[Excerpts from a dataset]
-------------------------

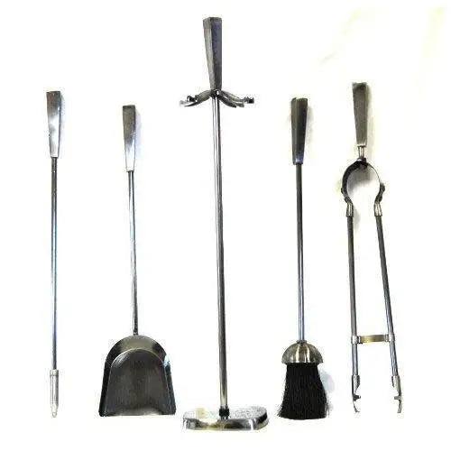 Inglenook Fire 91 - 5 Piece Fireplace Toolset Stand, Shovel, ,Poker, Tongs & Brush - Pewter
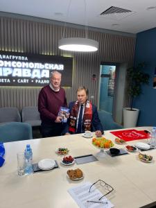 В эфире радио «Комсомольская правда» был Генеральный секретарь родной Ленинской Коммунистической партии товарищ Геннадий Андреевич Зюганов. А теперь я могу объяснить, почему мой сегодняшний гость, секретарь ЦК КПРФ, депутат Госдумы Николай Васильевич Арефьев. Он еще и капитан второго ранга. Сейчас Николай Васильевич сам это объяснит, потому что сегодня отличный совершенно праздник. А потом, когда мы отметим праздник, я потом еще… У нас же видео идет, и потом объясню, почему я пришел не так, а вот так. Правильно, да?
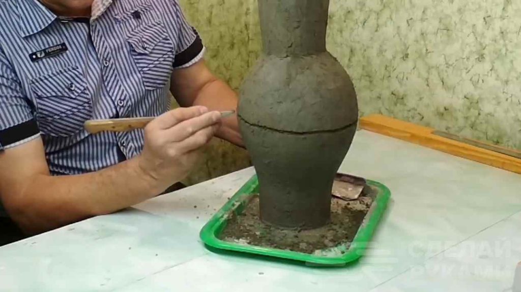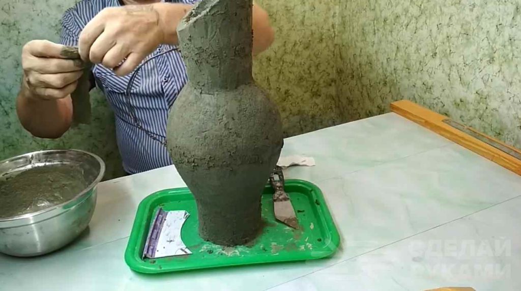 Потом замешиваем уже более густой раствор (из 1 части цемента и 2 частей песка) и обмазываем кувшин, нанося раствор узким шпателем.
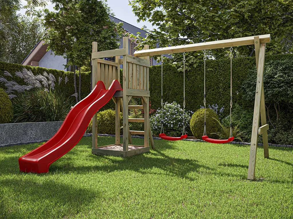 Dieser Spielturm ist aus Holz gefertigt. Der Naturstoff ist das perfekte Material für Kinderspielgeräte – strapazierfähig und beständig. Für die Herstellung wurde erstklassiges Kiefernholz verwendet, welches durch seine Widerstandsfähigkeit und Robustheit punktet.
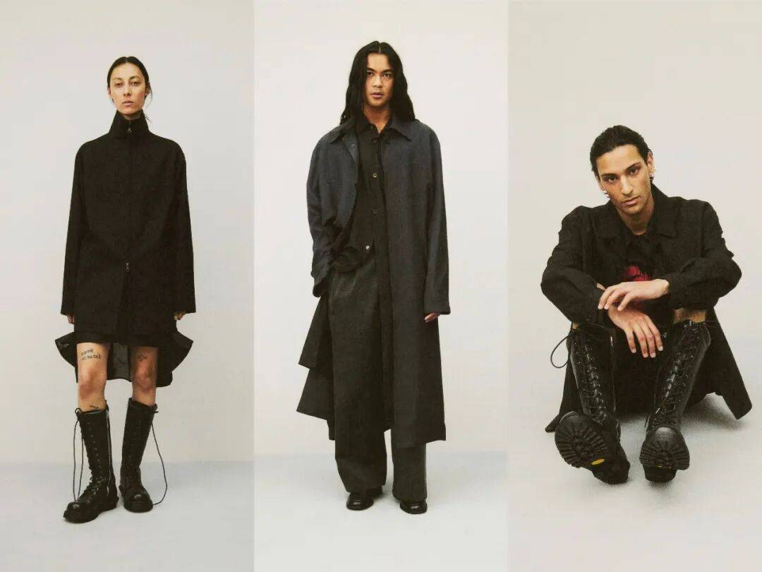 从日常通勤到轻社交场景,系列穿搭具备极强的适配性:通勤时选择黑色系基础款叠穿,用蕾丝军装外套替代传统西装;休闲出游可搭配超大号短裤与落肩衬衫,脚踩德训鞋;轻社交场合则以燕尾服飞行员夹克搭配彩虹针织内搭,平衡正式与个性。整体而言,该系列的穿搭哲学在于「让平凡单品焕发独特质感」,通过廓形比例的精准把控、材质元素的跨界融合,打造出低调却辨识度极高的当代穿搭风格。

-------------------------

▸ Assignment: Could you please return the entries above exactly, minus the pictures?

▸ Solution to the problem:
 Inglenook Fire 91 - 5 Piece Fireplace Toolset Stand, Shovel, ,Poker, Tongs & Brush - Pewter
 В эфире радио «Комсомольская правда» был Генеральный секретарь родной Ленинской Коммунистической партии товарищ Геннадий Андреевич Зюганов. А теперь я могу объяснить, почему мой сегодняшний гость, секретарь ЦК КПРФ, депутат Госдумы Николай Васильевич Арефьев. Он еще и капитан второго ранга. Сейчас Николай Васильевич сам это объяснит, потому что сегодня отличный совершенно праздник. А потом, когда мы отметим праздник, я потом еще… У нас же видео идет, и потом объясню, почему я пришел не так, а вот так. Правильно, да?
 Потом замешиваем уже более густой раствор (из 1 части цемента и 2 частей песка) и обмазываем кувшин, нанося раствор узким шпателем.
 Dieser Spielturm ist aus Holz gefertigt. Der Naturstoff ist das perfekte Material für Kinderspielgeräte – strapazierfähig und beständig. Für die Herstellung wurde erstklassiges Kiefernholz verwendet, welches durch seine Widerstandsfähigkeit und Robustheit punktet.
 从日常通勤到轻社交场景,系列穿搭具备极强的适配性:通勤时选择黑色系基础款叠穿,用蕾丝军装外套替代传统西装;休闲出游可搭配超大号短裤与落肩衬衫,脚踩德训鞋;轻社交场合则以燕尾服飞行员夹克搭配彩虹针织内搭,平衡正式与个性。整体而言,该系列的穿搭哲学在于「让平凡单品焕发独特质感」,通过廓形比例的精准把控、材质元素的跨界融合,打造出低调却辨识度极高的当代穿搭风格。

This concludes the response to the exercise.